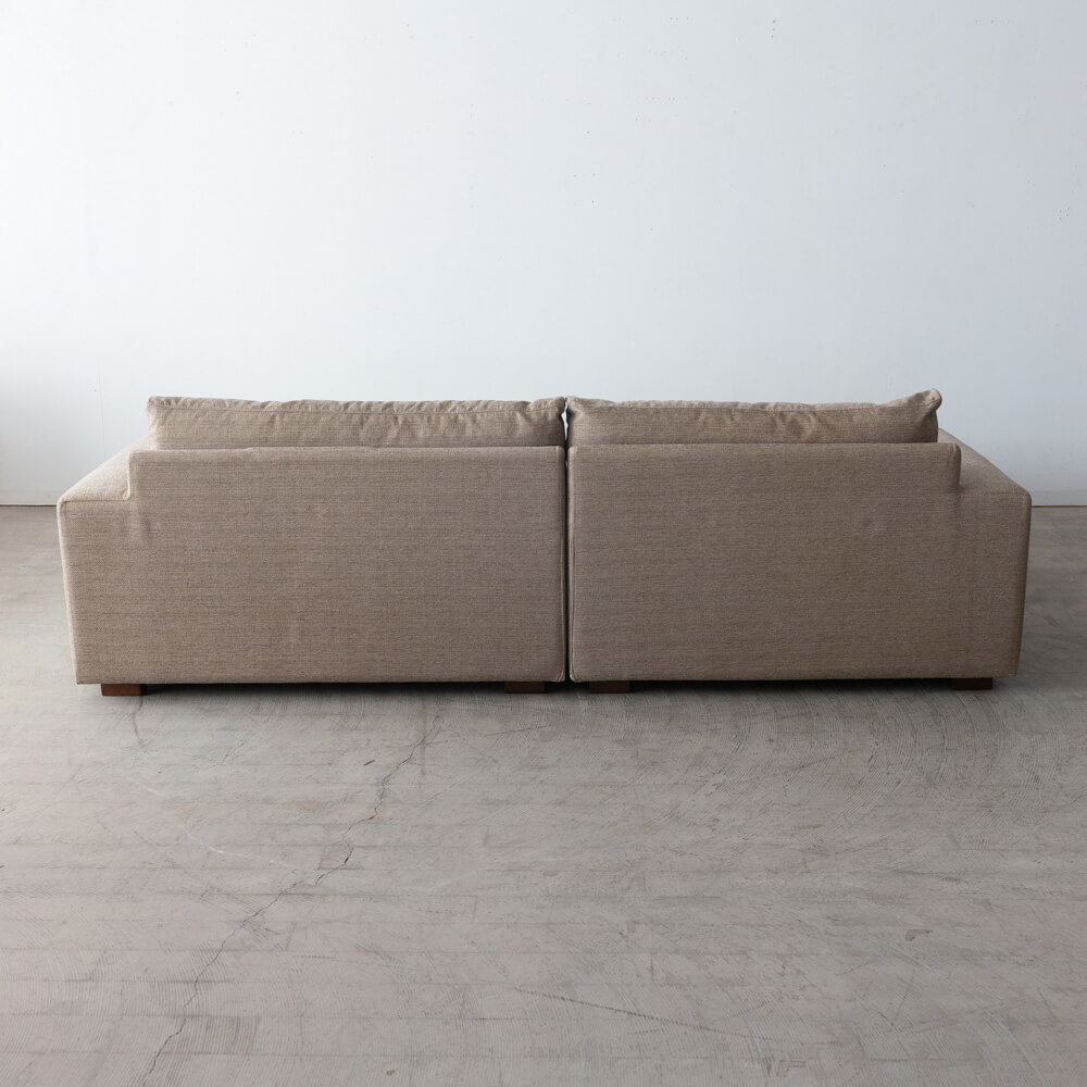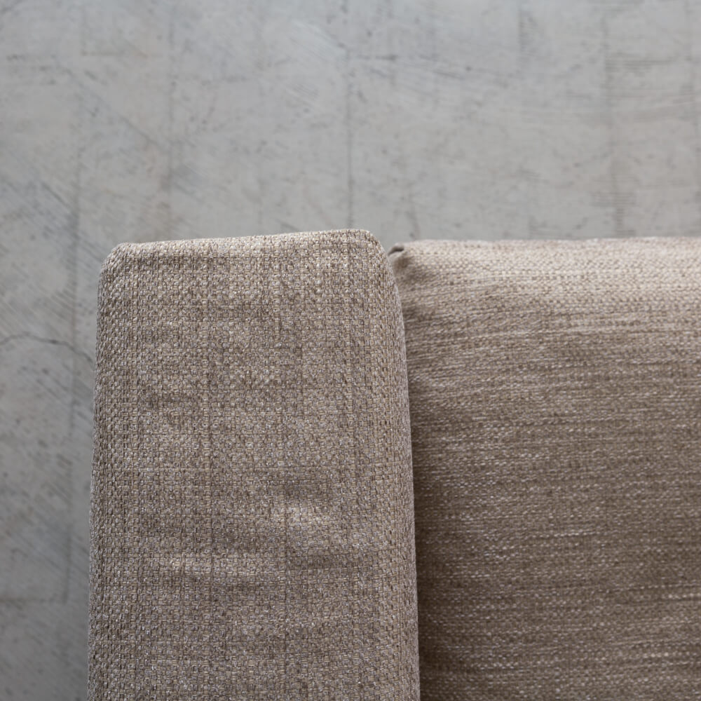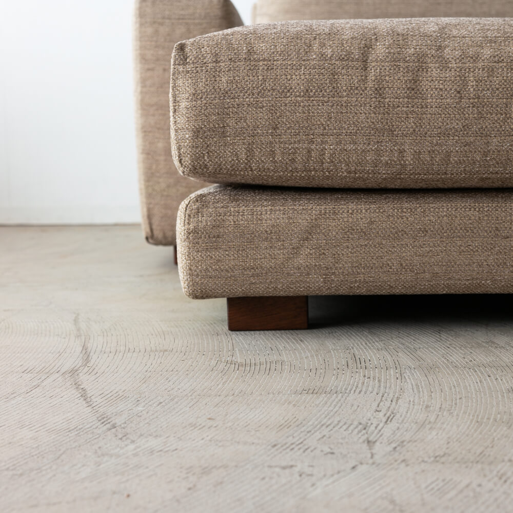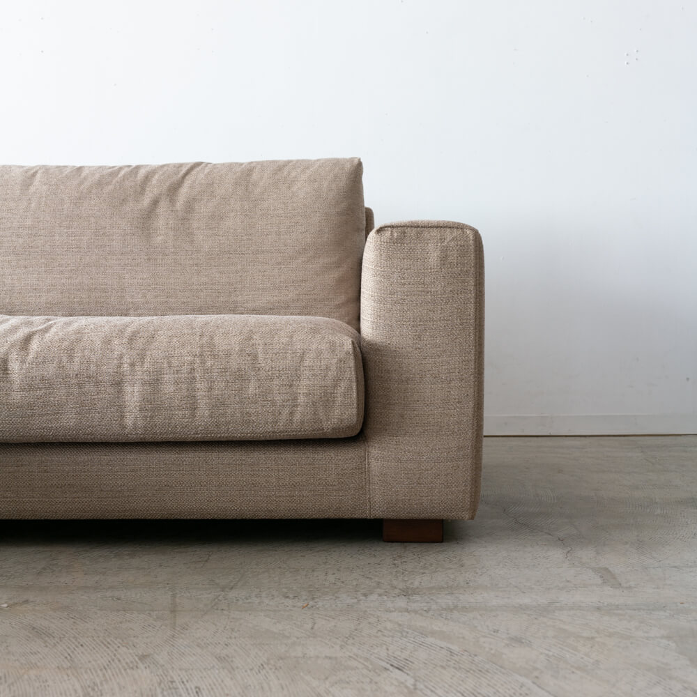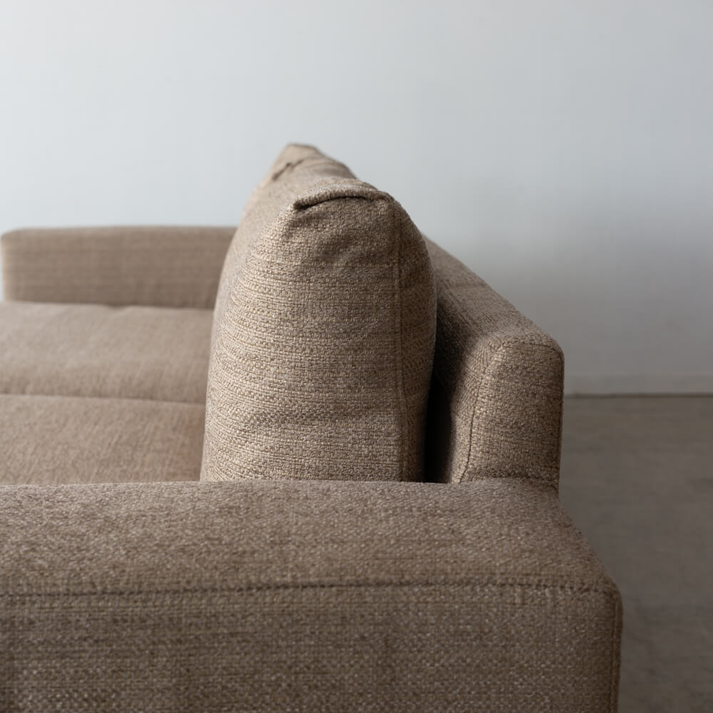 布K1は、ポリエステル86%・コットン14%の混紡素材。さらりとした手触りとやわらかな質感を兼ね備え、ナチュラルカラーが空間を軽やかに演出します。内部にはフェザーを贅沢に使用しており、座るたびに体を優しく包み込み、長時間でも疲れにくい快適な座り心地を実現。
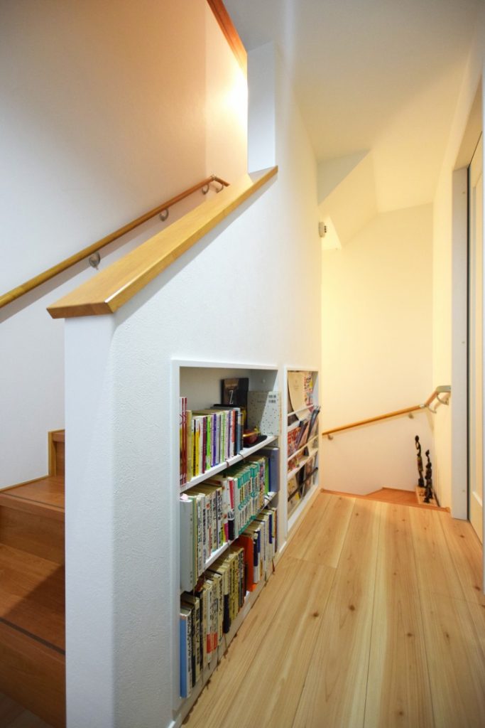- 階段下に扉付きの収納を作り、掃除用具や季節物を収納します。
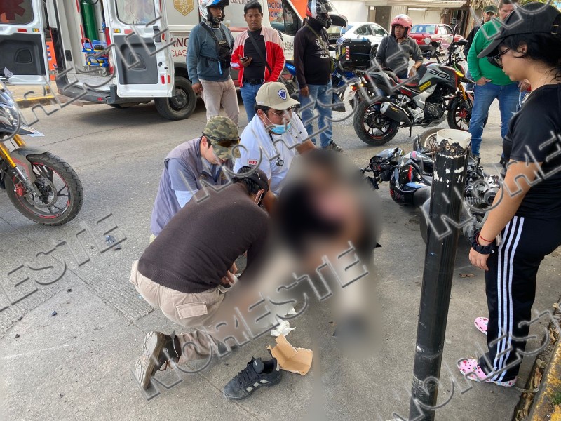 El motociclista resultó derribado y sufrió lesiones considerables, así como fuertes dolores musculares en ambas piernas. Paramédicos de Cruz Ámbar Primer Contacto llegaron al sitio para brindar los primeros auxilios y posteriormente, Salud Municipal realizó el traslado del lesionado a una clínica para recibir atención médica.
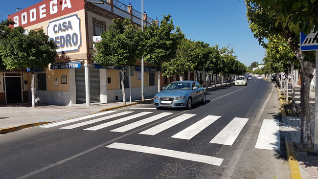 La Delegación de Fomento, a instancias de la Delegación Urbanismo del Ayuntamiento de Espartinas, ha procedido al pintado de un nuevo paso de cebra en la avenida Alcaldesa María Regla Jiménez, a la altura de la Plaza de la Cruz. Esto permite el paso, sin peligro, de los peatones por la antigua travesía de Huelva, una zona con gran volumen de vehículos, facilitando el acceso a los comercios de la zona.
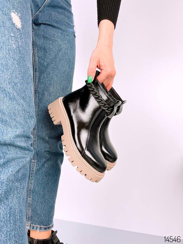 Код 14546 Черевики ДЕМІ Натуральний лак Колір Black+Beige Висота від підошви 11см Підошва 5см-3см Всередині байка Розмір у розмір Виробник Україна 36-23,5см 37-24см 38-24,5см 39-25,5см 40-26см
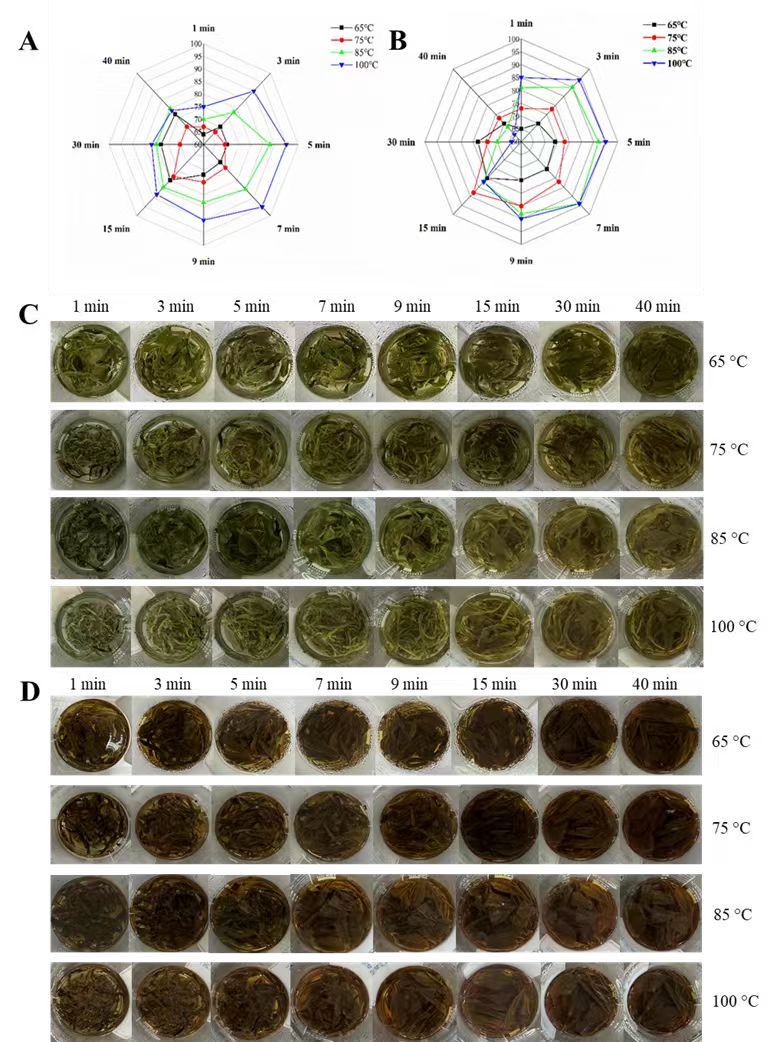 图3 富硒绿茶和红茶的感官评价雷达图以及在不同冲泡温度和时间下的外观
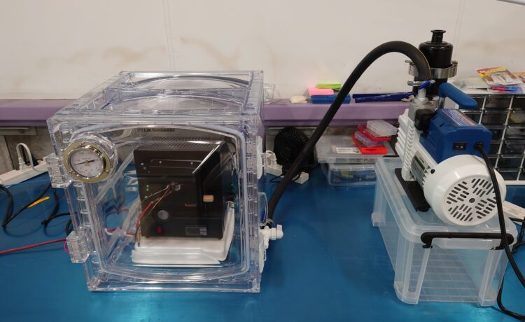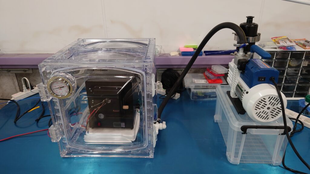 もちろん、やろうと思えばできますが、封じ切りやガラス用のFeed throughを使用しなければならずに大変です。しかも600℃まで上げたい、とのことですのでこれはもう電気炉自体を真空下に置くしかない、となり小型電気炉が入る大きなデシケーターを買いました。
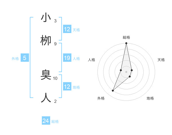 小栁 臭人さんを姓名の画数から五運を鑑定
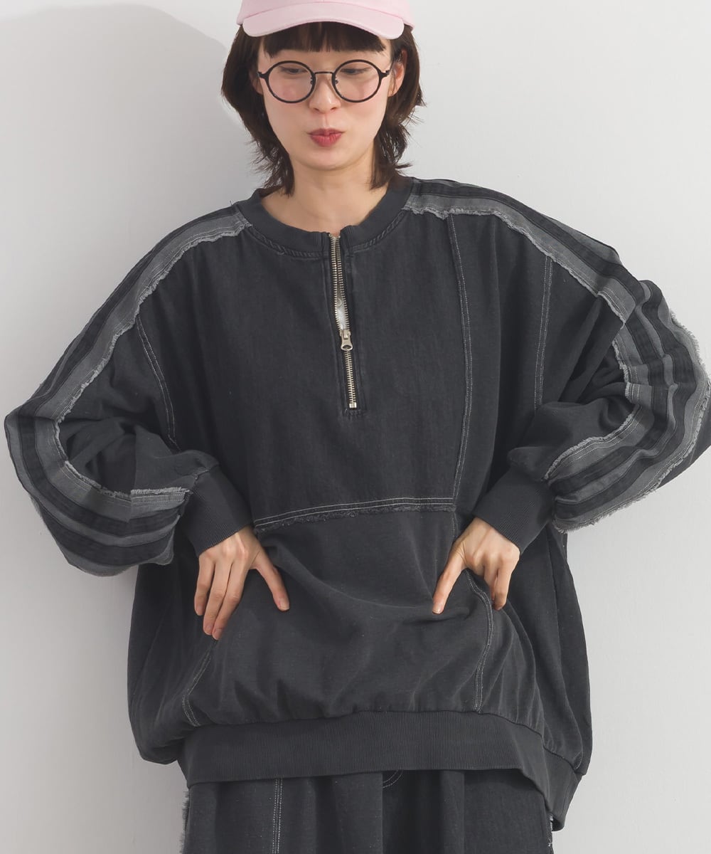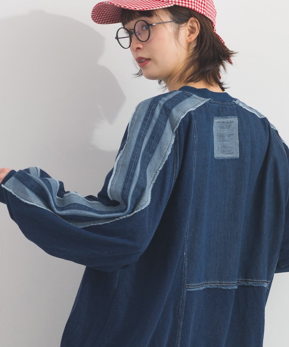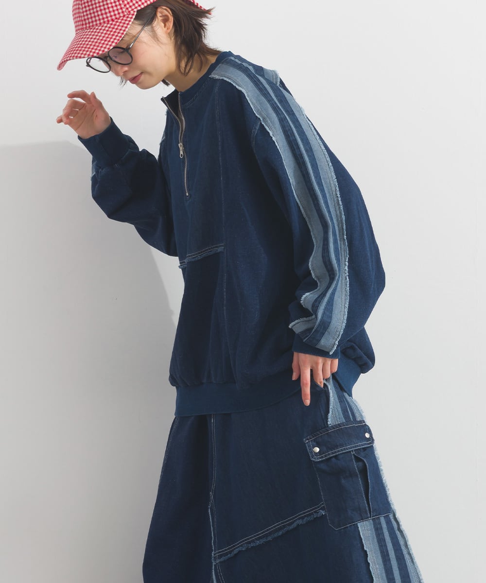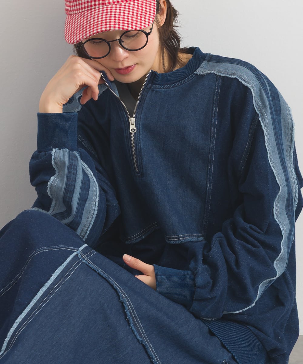 デニムの切替ラインが印象的なプルオーバー。
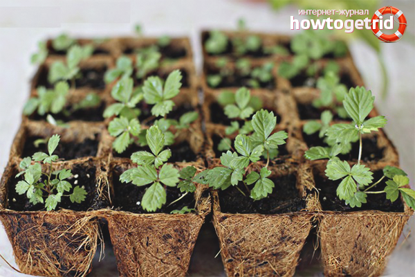 Seedlings with 2 real leaves are dived into separate pots. Every 2 weeks fertilizers for strawberries are applied to the soil. Grown and matured bushes are planted in open ground in spring or autumn.
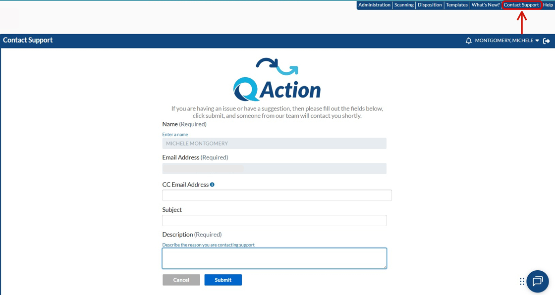 Click on the Contact Support tab in the upper right corner to submit a support request.
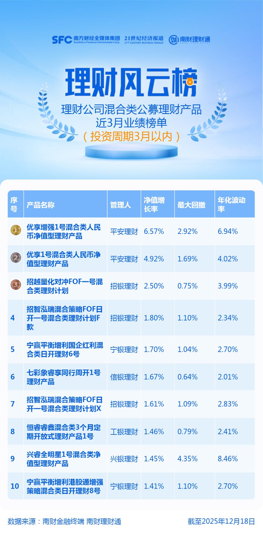 本期榜单中,平安理财包揽冠亚军。“优享增强1号混合类人民币净值型理财产品”和“优享1号混合类人民币净值型理财产品”依次位列榜单第一和第二,产品近3月净值增长率分别是6.57%和4.92%。招银理财“招越量化对冲FOF一号混合类理财计划”以2.50%的增长率位列第三。
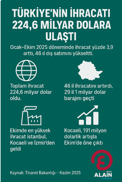 Bakanlığın açıkladığı verilere göre 2025’in ilk on ayında Türkiye’nin toplam ihracatı geçen yılın aynı dönemine kıyasla yüzde 3,9 artışla 224,6 milyar dolara ulaştı. Ülke genelinde ihracat artışı en geniş kapsamla 46 ilde kaydedildi.
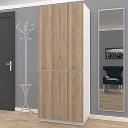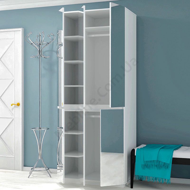 Матеріал — ламінована ДСП Swiss Krono, завтовшки 16 мм.Екологічна безпека класу Е-1.ДСП має високу щільність.Фурнітура — DC та Linken.Протиударна кромка — ПВХ, завтовшки 1 мм.Регульовані опори 70 мм.Шість розпашних дверцят.За верхніми лівими дверцятами чотири секції, за нижніми лівими — три.За верхніми правими дверцятами штанга для одягу з верхньою полицею, за нижніми — штанга для одягу.
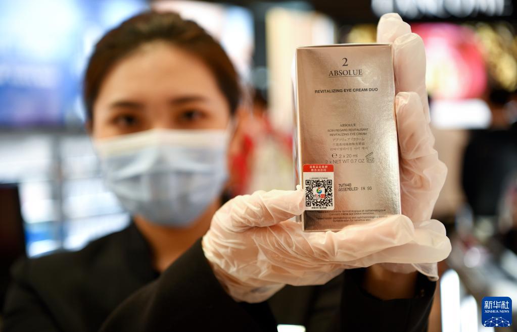 7月31日,??谌赵聫V場免稅店工作人員展示加貼溯源碼的商品。新華社記者 郭程 攝
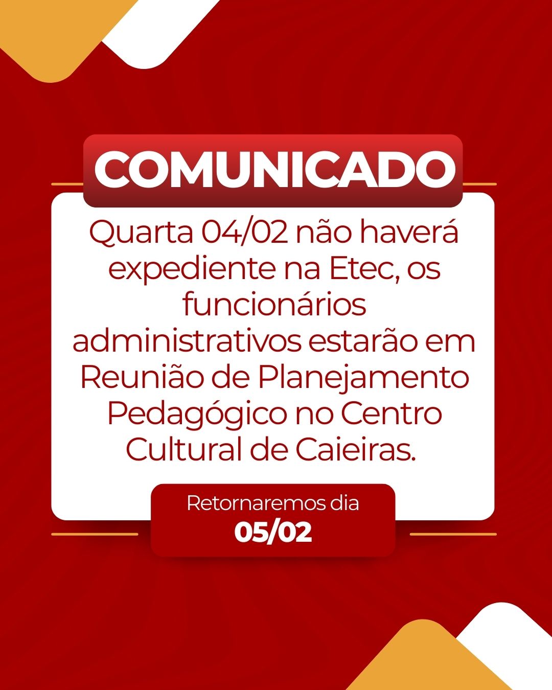 Quarta 04/02 não haverá expediente na Etec, os funcionários administrativos estarão em Reunião de Planejamento Pedagógico no Centro Cultural de Caieiras. A direção
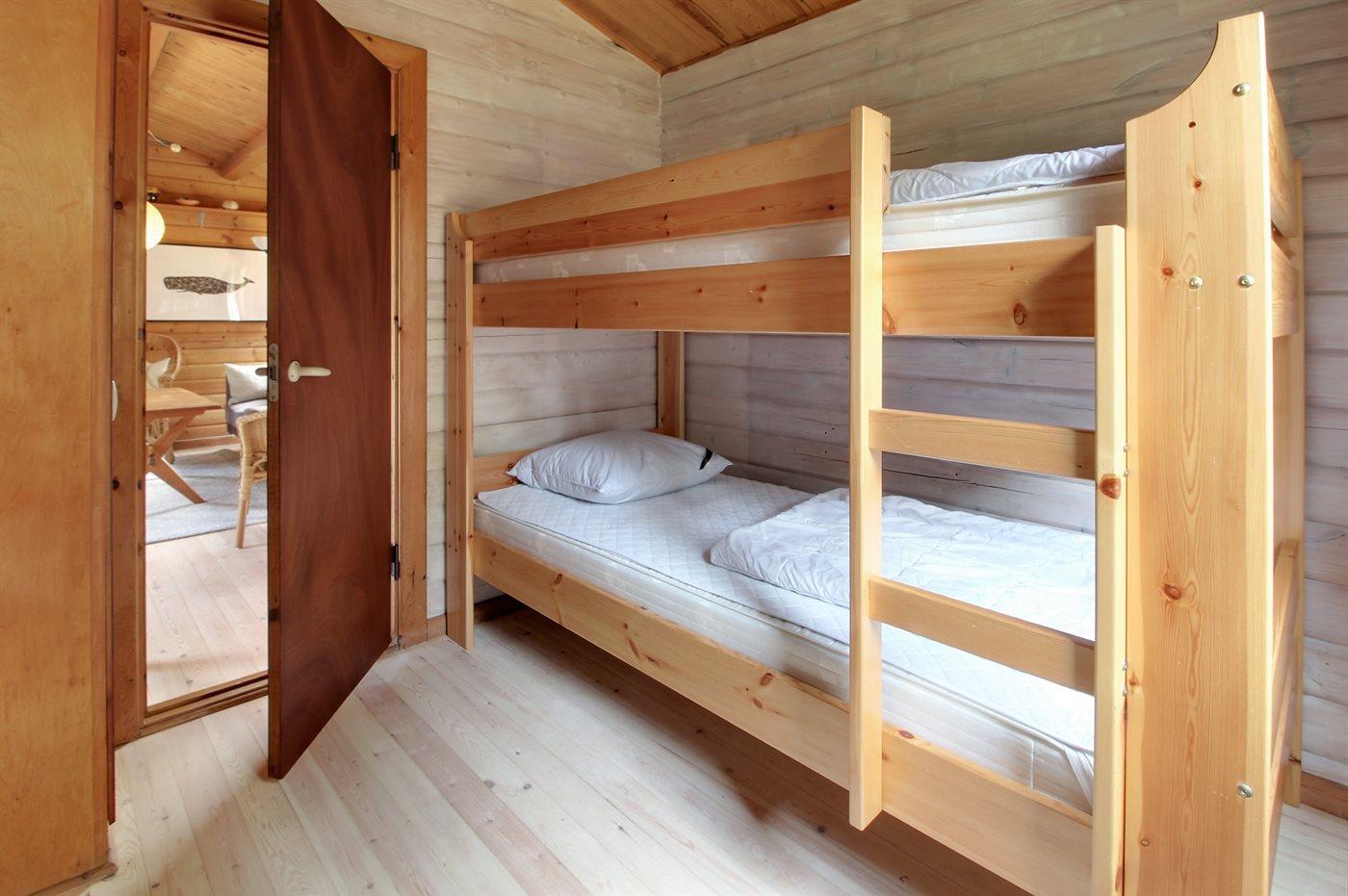 Die Schlafplätze verteilen sich auf 2 Schlafräume. 2 Schlafplätze in einem Doppelbett. 2 Schlafplätze in einem Etagenbett.

· · · ·

▸ TASK DETAILS
Include the first line of the records, the line containing "El motociclista resultó", and every line between them, repeated exactly. Skip the pictures.

▸ EXERCISE RESULT
 布K1は、ポリエステル86%・コットン14%の混紡素材。さらりとした手触りとやわらかな質感を兼ね備え、ナチュラルカラーが空間を軽やかに演出します。内部にはフェザーを贅沢に使用しており、座るたびに体を優しく包み込み、長時間でも疲れにくい快適な座り心地を実現。
- 階段下に扉付きの収納を作り、掃除用具や季節物を収納します。
 El motociclista resultó derribado y sufrió lesiones considerables, así como fuertes dolores musculares en ambas piernas. Paramédicos de Cruz Ámbar Primer Contacto llegaron al sitio para brindar los primeros auxilios y posteriormente, Salud Municipal realizó el traslado del lesionado a una clínica para recibir atención médica.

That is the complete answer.